Zionism incorporates a radically dualistic vocabulary in a concrete political context. There is a radical disconnection between exile and homeland, the Diaspora Jew and the New Jew, assimilation and national independence. In this approach, the rebellion against the world conditions as such (the Diaspora existence) is absolute: it is a rebellion against all aspects of this reality in order to create a New Jew who bears a direct connection to his or her true Jewish identity otherwise lost during the years of exile. Bluntly put, the return to the land was conceived as an act of liquidation of the Diaspora; national independence as the realization of true Jewish-ness which stood in opposition to historical reality. Zionism claims to recover a hidden and lost true Jewish essence, one which stands over and against historical reality.
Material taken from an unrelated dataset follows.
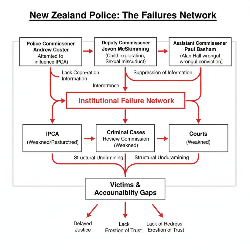The unravelling of New Zealand Police in late 2024 and 2025 exposes a cui bono—who benefits—that politicians and media have barely named. While the Independent Police Conduct Authority released a devastating 135-page report on 11 November 2025 revealing “serious misconduct” by former police commissioner Andrew Coster and multiple senior officers in their handling of Jevon McSkimming’s sexual abuse allegations, the government simultaneously restructured the Criminal Cases Review Commission (CCRC) to ensure it could not investigate systemic police wrongdoing.[2][3]
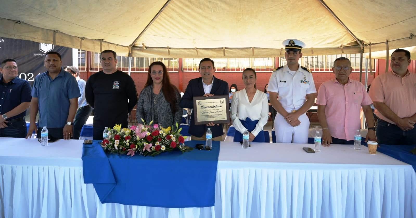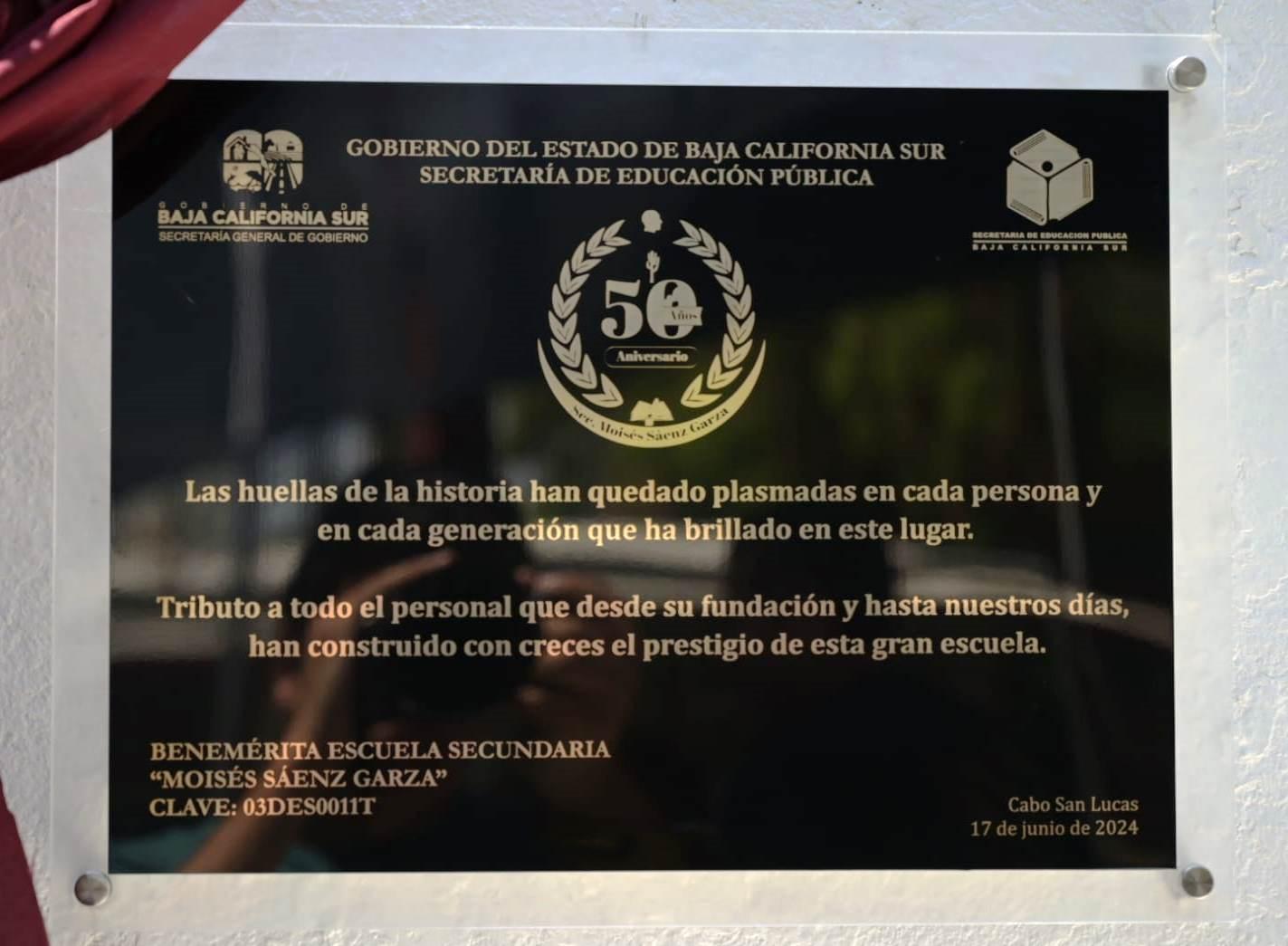 Asimismo, el director de la escuela secundaria Moisés Sáenz Garza Edgar Alejandro Rochín Alamillo agradeció la presencia de todas las personas asistentes ya que le dieron un realce a este importante evento para la institución: “para mí es un orgullo y un honor haber tenido la fortuna de ser el director de esta escuela de tradición y prestigio en Cabo San Lucas; nuestra escuela ha sido un faro de conocimientos y valores, formando generaciones de ciudadanos y ciudadanas responsables y comprometidas”. Para concluir, se hizo entrega de reconocimientos al personal activo con 30 años de servicio, así como al personal docente jubilado y se develó una placa conmemorativa. Cabe destacar que por la tarde se llevará a cabo un evento artístico cultural.

In this way, one can find in Zionism the same theological profile that was termed “Gnosis.” Dualism, the hidden essence, total estrangement from the world – these work together to form the very pillars of Gnosis as we saw in Blumenberg’s retrospective as based on Hans Jonas. However, in Zionism these terms are given a secular expression. For instance, the “hidden” divinity becomes the hidden essence within man, meaning the “original” Jewish nature that had been lost during years of exile and which according to Zionism needs to be renewed. In the same way, the dualism between God and the world becomes the dualism between two different kinds of historical reality – the reality of the Diaspora in opposition to a national one that must be built up from nothing. Finally, the Jew of Zionism recovers his true Jewish identity on the basis of his bonds with the land and the rejection of the yoke of halakha, perhaps the clearest appropriation of Gnosticism in an everyday context. From this point of view, even religious youth who race to the summits of hilltops (known as Children of the Hilltops or "Noar Hagvaot" in Hebrew) with messianic-political defiance in their hearts seem to represent a purer expression of this secular-modern value – the “secularization” of “Gnosis” – rather than being emissaries of a demonstration rooted in a halakhic imperative.